We've shown how to create a tailored cross-encoder to rerank academic papers. This approach will work best where there are domain-specific nuances that can be used to pick the most relevant corpus for your users, and where some pre-filtering has taken place to limit the amount of data the cross-encoder will need to process. 

A few typical use cases we've seen are:
- Returning a list of 100 most relevant stock reports, then re-ordering into a top 5 or 10 based on the detailed context of a particular set of customer portfolios
- Running after a classic rules-based search that gets the top 100 or 1000 most relevant results to prune it according to a specific user's context


### Taking this forward

Taking the few-shot approach, as we have here, can work well when the domain is general enough that a small number of examples will cover most reranking cases. However, as the differences between documents become more specific you may want to consider the ```Fine-tuning``` endpoint to make a more elaborate cross-encoder with a wider variety of examples.

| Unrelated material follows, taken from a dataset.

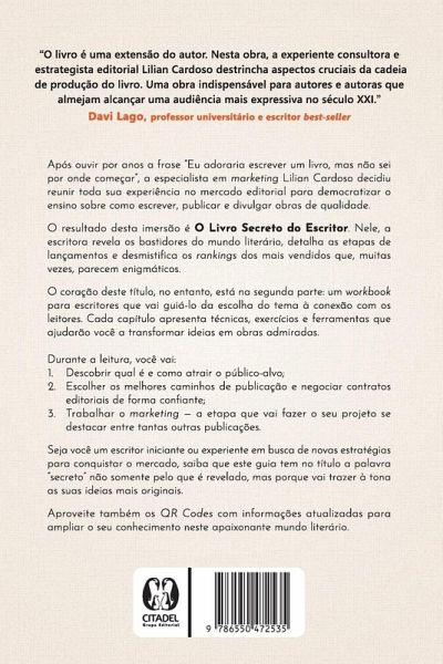 ¿Quando estava começando minha carreira há nove anos, Lilian me ajudou colocando meus livros em destaque na mídia, depois me ajudou com a publicação independente do meu primeiro New Adult.[...]¿ ¿ Babi A. Sette, escritora best-seller, reconhecida por publicar obras young adult e pioneira em romances de época no Brasil Após ouvir por anos a frase ¿Eu adoraria escrever um livro, mas não sei por onde começar¿, a especialista em marketing Lilian Cardoso decidiu reunir toda sua experiência no mercado editorial para democratizar o ensino sobre como escrever, publicar e divulgar obras de qualidade. O resultado desta imersão é O Livro Secreto do Escritor. Nele, a escritora revela os bastidores do mundo literário, detalha as etapas de lançamentos e desmistifica os rankings dos mais vendidos que, muitas vezes, parecem enigmáticos. O coração deste título, no entanto, está na segunda parte: um workbook para escritores que vai guiá-lo da escolha do tema à conexão com os leitores. Cada capítulo apresenta técnicas, exercícios e ferramentas que ajudarão você a transformar ideias em obras admiradas. Durante a leitura, você vai: Descobrir qual é e como atrair o público-alvo; Escolher os melhores caminhos de publicação e negociar contratos editoriais de forma confiante; Trabalhar o marketing ¿ a etapa que vai fazer o seu projeto se destacar entre tantas outras publicações. Seja você um escritor iniciante ou experiente em busca de novas estratégias para conquistar o mercado, saiba que este guia tem no título a palavra ¿secretö não somente pelo que é revelado, mas porque vai trazer à tona as suas ideias mais originais. Aproveite também os QR Codes com informações atualizadas para ampliar o seu conhecimento neste apaixonante mundo literário.

There is also a latency impact of using ```text-davinci-003``` that you'll need to consider, with even our few examples above taking a couple seconds each - again, the ```Fine-tuning``` endpoint may help you here if you are able to get decent results from an ```ada``` or ```babbage``` fine-tuned model.

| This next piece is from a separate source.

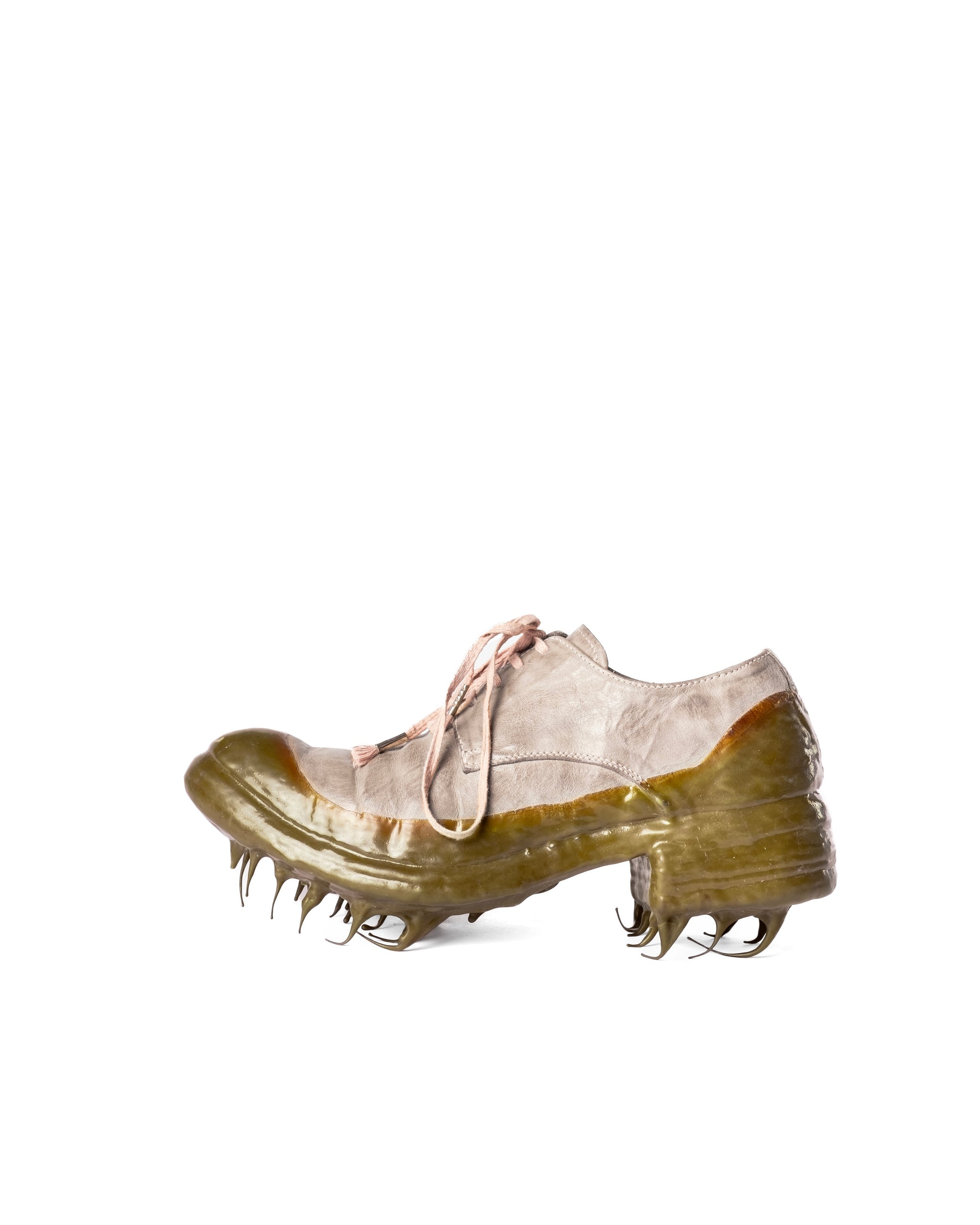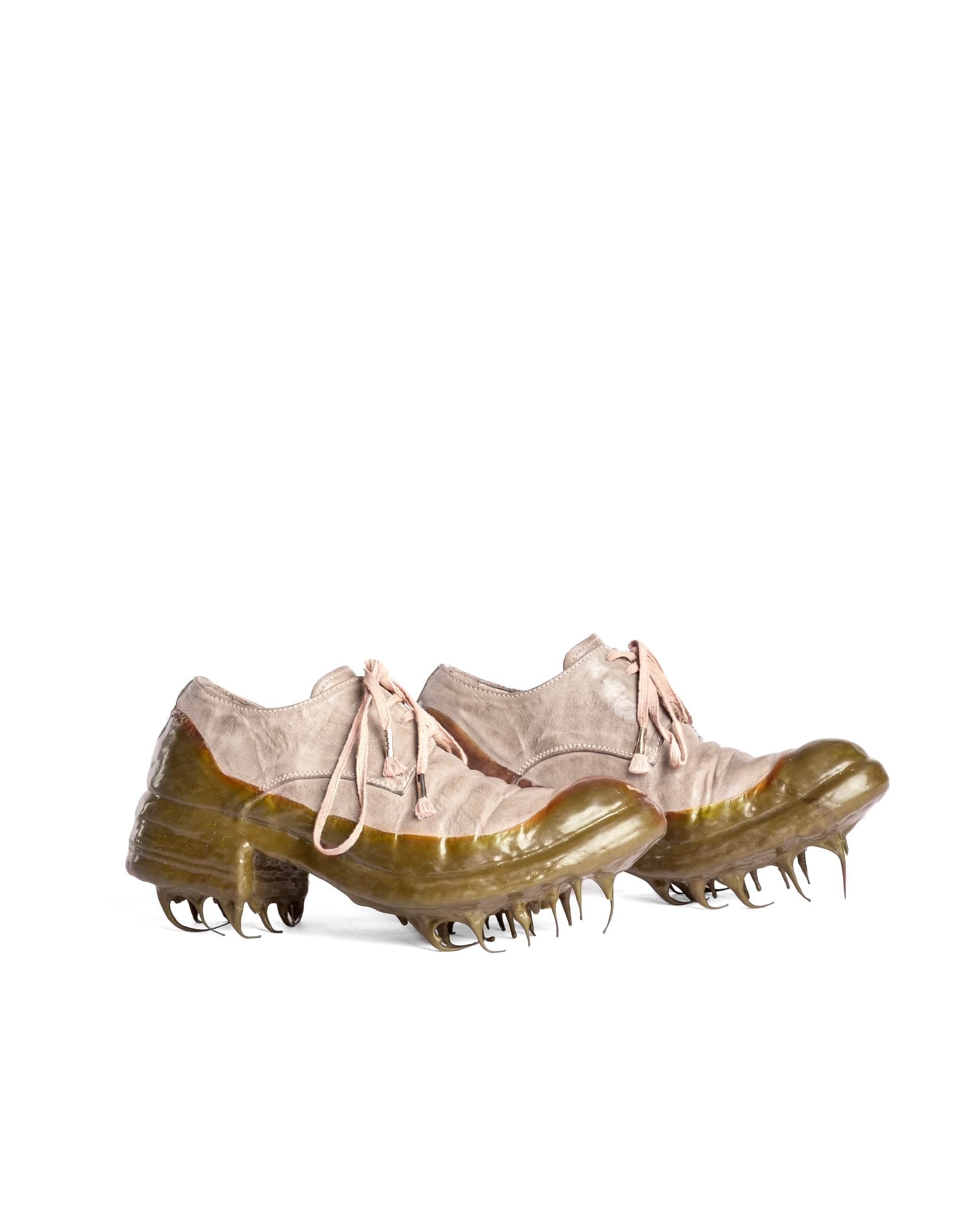 The AM/2600LR Object-Dyed Goodyear Derby reflects Carol Christian Poell’s commitment to transforming traditional craftsmanship into avant-garde design. Made from CORS-PTC horse leather, the shoe is constructed entirely from 100% equine hide, showcasing Poell’s meticulous material selection and signature object-dyeing process.

We've used the ```Completions``` endpoint from OpenAI to build our cross-encoder, but this area is well-served by the open-source community. [Here](https://huggingface.co/cross-encoder/mmarco-mMiniLMv2-L12-H384-v1) is an example from HuggingFace, for example.

We hope you find this useful for tuning your search use cases, and look forward to seeing what you build.